An allied focus of Publica’s work aims at alleviating a pandemic of loneliness, especially among young people. According to a recent study that Parkinson cited at Publica’s launch, 16-year-olds in 36 out of 37 countries reported significantly more loneliness than they had reported a few years ago.
“And we’re seeing this in Australia too. And the loneliest age group of all in every single study I’ve looked at is the 18- to 24-year-olds – more so than the elderly, more so than divorced and separated.
“When you ask the question, ‘do you always or often feel lonely?’, then you’re getting significant numbers of 18- to 24-year-olds who will say ‘yes, they do’ … And 7 to 8 per cent of Australians in a recent study reported they’d been lonely for at least eight years. So that’s really harrowing and it has enormous impacts on people’s lives, their physical health. They will die younger if they don’t have that social connection.”
“They will die younger if they don’t have that social connection.”
Parkinson sees a role for churches in addressing the loneliness crisis, although he understands that pastors are feeling exhausted after two years of dealing with COVID.
“There are two realities.
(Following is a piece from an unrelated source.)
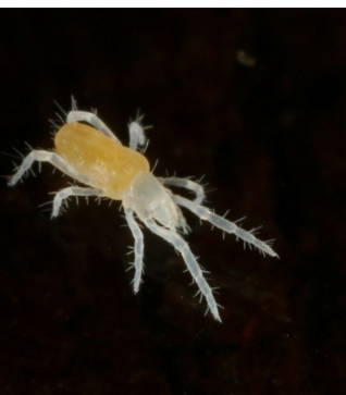
Robustacheles n. sp.

Hundreds of Rhagidiidae specimens were found in over 90 underground stations and cavities since 2014, including other species new to science belonging to the genus Troglocheles , Traegaardhia and Robustacheles .

The first one is that if the church didn’t exist in the local community, there would be almost no points of connection between neighbours,” he says.
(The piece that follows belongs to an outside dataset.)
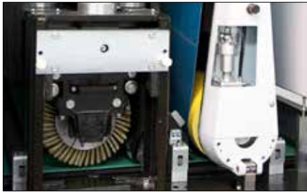
Configuration with 2 tool sets (e.g. RT)

“You’ve got connections around schools, sometimes good, sometimes pretty minimal. You have sporting organisations. Some places might have an active Rotary group or something like that. But think about the community organisations who can respond to a crisis, who can be the arms and legs, the hands and feet of help. There are not many ways in which we are organised as a society. And so we tend to put more and more reliance on government, or at least government funding and professional organisations which are government-funded, and we’ve got to find ways to move beyond that. And the churches in local areas are some of the only organisations which have the capacity to do that.”
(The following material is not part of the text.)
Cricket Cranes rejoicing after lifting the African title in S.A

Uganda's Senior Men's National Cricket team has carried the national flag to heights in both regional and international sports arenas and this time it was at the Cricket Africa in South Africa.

He sees a growing conversation around loneliness and a need for “a much more sophisticated and nuanced understanding of what is going on and what things we might do differently.”
When talking about ways to prevent family breakdown, Parkinson stresses that this is not about going back to the 1950s and seeking the same solutions as in the “good old days” but looking forward to ways to create a more stable social environment for children in particular.
His key goal is sparking conversations about the deterioration in the social environment.
“It’s the fact that if you think about the conversations we have as a society, what the TV station news organisations focus on, it’s a relatively narrow range of issues which are of great concern to inner-city, urban professionals, particularly of the progressive orientation,” he says.
“So obviously climate change, Indigenous issues, LGBT issues – we have endless discussions on these things and that’s okay. But there’s a whole lot of other issues we are neglecting in society, particularly the deterioration in the social environment for our children and the loss of community.
“And if Publica can do any good, it will be in reigniting those conversations saying, ‘Look, you can get to net-zero [emissions] by 2050, but if your social environment is at the point of collapse, if people are stuck in big apartment blocks not knowing their neighbours, desperately alone, not growing up nearly as often as they did in stable families, where they are nurtured and loved and cared for, you’ve only improved one aspect of our society, which is global warming. There’s a whole heap of other issues, which actually are far more pertinent to people’s daily lives and lived experience.”